Fading stimulus in China, weak global demand and mounting domestic challenges will hinder growth in ESA

May 25, 2016

Government-led stimulus in China helped to shore up economic growth in the final months of Q1 in East and South Asia (ESA). However, overall growth for the quarter, was hit by strong headwinds at the outset of the year and mounting troubles in some countries. The region’s annual expansion was 6.1% in the three months up to March (Q4: +6.1% year-on-year), according to a more complete set of data. Most of the economies in the region experienced a deterioration in Q1, including ChinaHong KongKorea, and Taiwan. Weak global demand continued to drag on economic activity in Korea and Taiwan, while lower tourist arrivals are severely hurting activity in Hong Kong. India is the main bright spot in the region due to strong public investment and robust urban consumption. That said, analysts remain skeptical about the accuracy of the new GDP series.

Head on over to our East & South Asia page for more recent economic news on the region.

Dynamics in China are key to shift growth into higher gear in East and South Asia and economic data for March corroborated that government-led stimulus took off at the end of Q1, helping lift economic sentiment in the region. However, Chinese authorities have started to unwind policy stimulus in recent weeks as they are increasingly concerned about the negative implications of government-fueled stimulus. This was reflected in China’s economic indicators for April and has the potential to cloud the outlook for the region. Although the rippling effect of Q1’s economic stimulus will inevitably fade away in the coming months, signals from China’s leaders that they will not allow the economy to slow down sharply has the potential to shore up economic sentiment in the region.

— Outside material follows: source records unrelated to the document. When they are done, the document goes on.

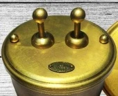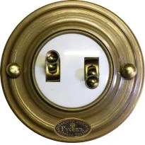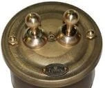 Стильный двухклавишный выключатель, цвет латунь, 12250И-80/2 ГусевЪ для наружного монтажа отлично подходит для деревянных домов, бань, интерьеров в стиле лофт, стимпанк и прованс. Данная модель также гармонично впишется в современные минималистичные дизайны и создаст чарующую винтажную атмосферу.
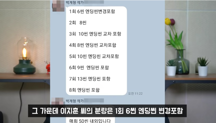 네번째. 유튜버 이진호는 "이지훈의 분량 문제"를 지적했는데요, 욕망을 직접 집필한 작가님에게 이지훈의 분량을 검수해 달라고 요청했다며 그 자료를 공개했습니다.
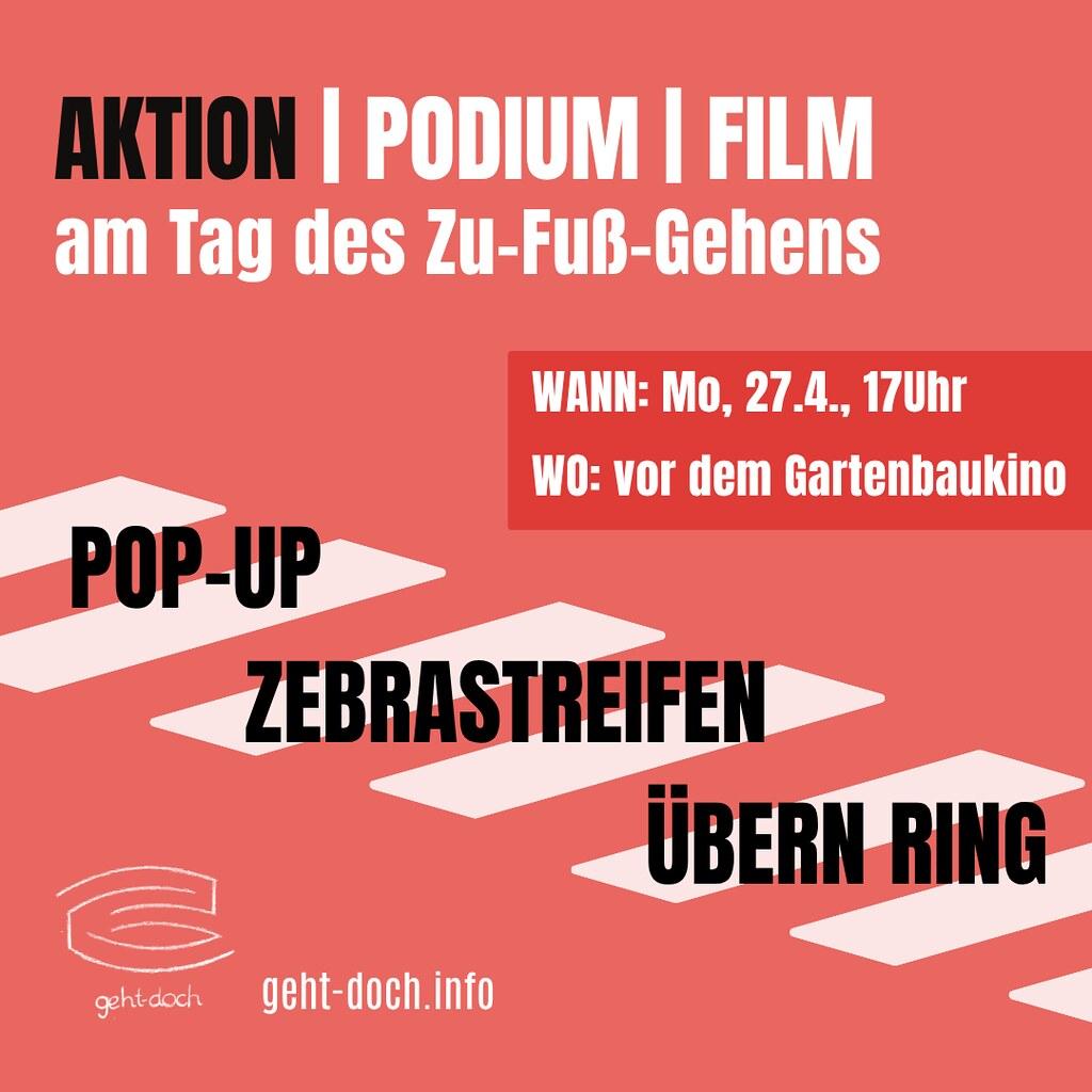 17:00 Intervention Geht-Doch: Wir nehmen uns den Stadtraum und erschaffen temporär einen Pop-up Zebrastreifen über den Ring, wo er seit Jahren für ein sicheres Queren fehlt. Vor dem Gartenbaukino wird der Zebrastreifen feierlich entrollt.
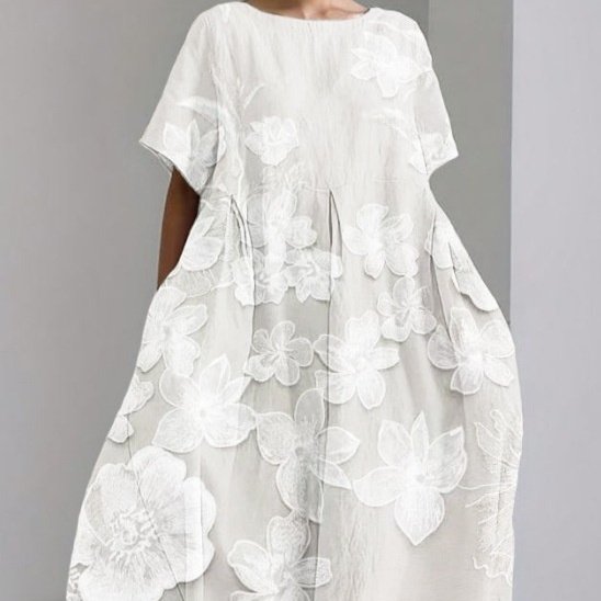 Puff Sleeve Long Dress Printed V-neck Hollow Out
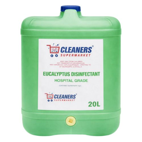 Cleaners Supermarket Disinfectant Hospital Grade Eucalyptus 20L is a professional-strength disinfectant formulated to eliminate germs quickly while leaving behind a crisp, clean eucalyptus fragrance.

Global demand remains tepid in 2016 as most of the world’s key players and many emerging-market economies are performing below their potential. This situation is having a negative impact in the region’s export-driven nations. Moreover, mounting domestic challenges in some countries in the region are also putting a dent in ESA’s overall economic growth. As a result, overall activity in ESA is expected to moderate in the coming quarters. FocusEconomics Consensus Forecast panelists see the ESA economy expanding 6.0% in Q2.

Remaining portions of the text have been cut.